Fundamental questions such as the mystery of the genome were unlocked only through the imagination, daring, and dedicated work of very talented scientists and engineers. Such work required long-term support, much of it by the National Science Foundation and other federal agencies. Indeed, history has demonstrated that many federally supported discoveries have echoed throughout the years, spawning even greater breakthroughs and innovations.

The National Science Policy Report -- endorsed by the House of Representatives in 1998 -- captured this very point.
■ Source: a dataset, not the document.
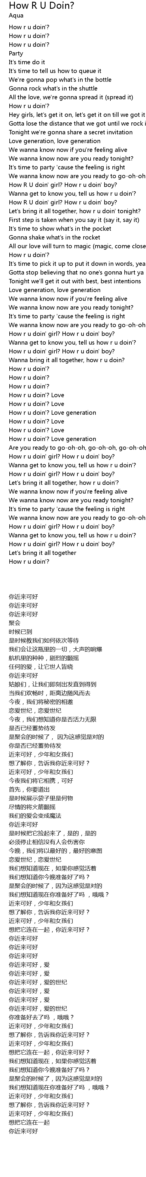 Wanna get to know you, tell us how r u doin'? |

The federal investment in science has yielded stunning payoffs. It has spawned not only new products, but also entire industries. To build upon the strength of the research enterprise we must make federal research funding stable and substantial, maintain diversity in the federal research portfolio, and promote creative, groundbreaking research.

Looking ahead, NSF will continue to invest in the most promising areas of science and engineering research and education. We can be certain that the results will enhance the nation’s future in profound and as yet unimagined ways.